The USD/CAD pushed to record lows again today. I hope some, if not all of you are still in the trade. The money I manage is still enjoying a great run on this pair and will account for nearly a 10% move on the entire balance for the month. I'm good with that.
Now the concerns, the Fed announces rate decisions this week and my anticipation is obviously a rate cut, me and the rest of the bond commnunity. If you want a glipse of what is coming based on the bond trader's perspective (which I might add is very effective), check the CBOT for the 30 day fed funds rate.
07Oct 95.2550 4 3/4%
07Nov 95.4900 4 1/2%
07Dec 95.6100 4 3/8%
08Jan 95.6650 4 3/8%
08Feb 95.7900 4 3/16%
08Mar 95.8350 4 3/16%
08Apr 95.8950 4 1/8%
08May 95.9600 4 %
The Fed cuts rates in 1/4% or 25 basis point increments. With that in mind the expected rate should be near 4 1/4% by first quarter next year. We are not dealing with just one rate cut but many.
This should all mean weaker dollar but I am expecting some volatile times over the next 2 weeks, possibly volatile like August and September again.

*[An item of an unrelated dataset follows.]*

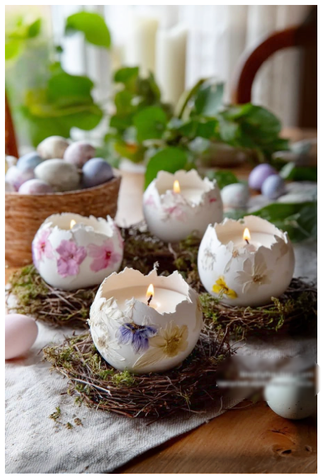 Αν όμως θέλεις κάτι πιο ιδιαίτερο, δοκίμασε να φτιάξεις κεράκια μέσα σε φυσικό κέλυφος αυγού. Καθάρισε προσεκτικά το αυγό, γέμισέ το με κερί και άφησέ το να σταθεροποιηθεί. Έτσι δημιουργείς ένα μικρό, μοναδικό διακοσμητικό. Για να το απογειώσεις, στόλισέ το με μικρά λουλουδάκια — φρέσκα ή αποξηραμένα — γύρω από το κέλυφος ή στη βάση του. Μπορείς να προσθέσεις και λίγη πρασινάδα για πιο φυσικό αποτέλεσμα.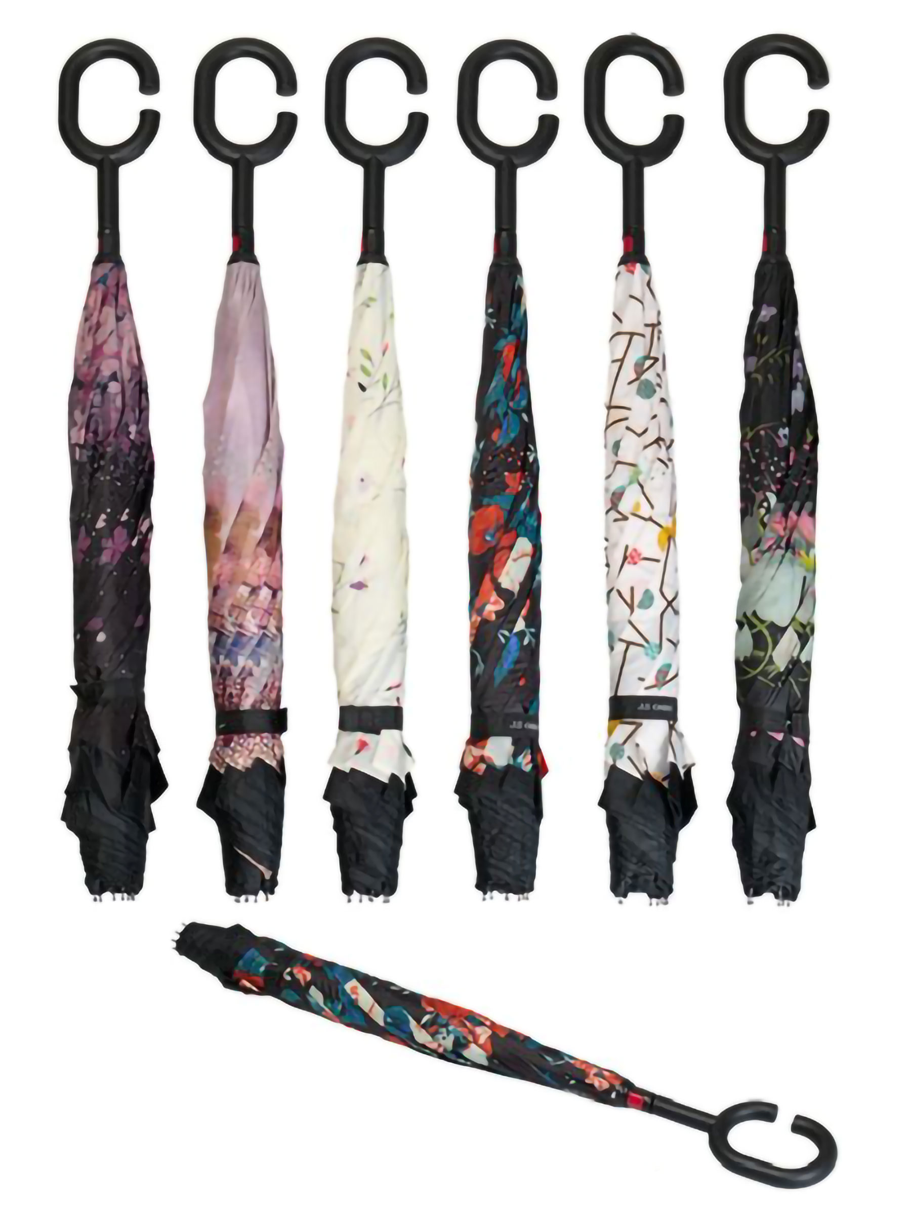 Langer Regenschirm mit Blumenmuster. Robustes Gewebe mit Windproof-System, Fiberglasstreben und Metallstruktur. Bequemer Gummigriff. 6 verschiedene Designs.

Two choices: Keep your stops really loose so you can ride out the storm and stick with the bigger trend or tighten your stops, get stopped out of your trades and wait for the wind to stop blowing. If you are more agressive, there could be a lot of scalp/intraday trades with the potential volatility.
Side note, GBP/CHF is still channeling in the same rough range.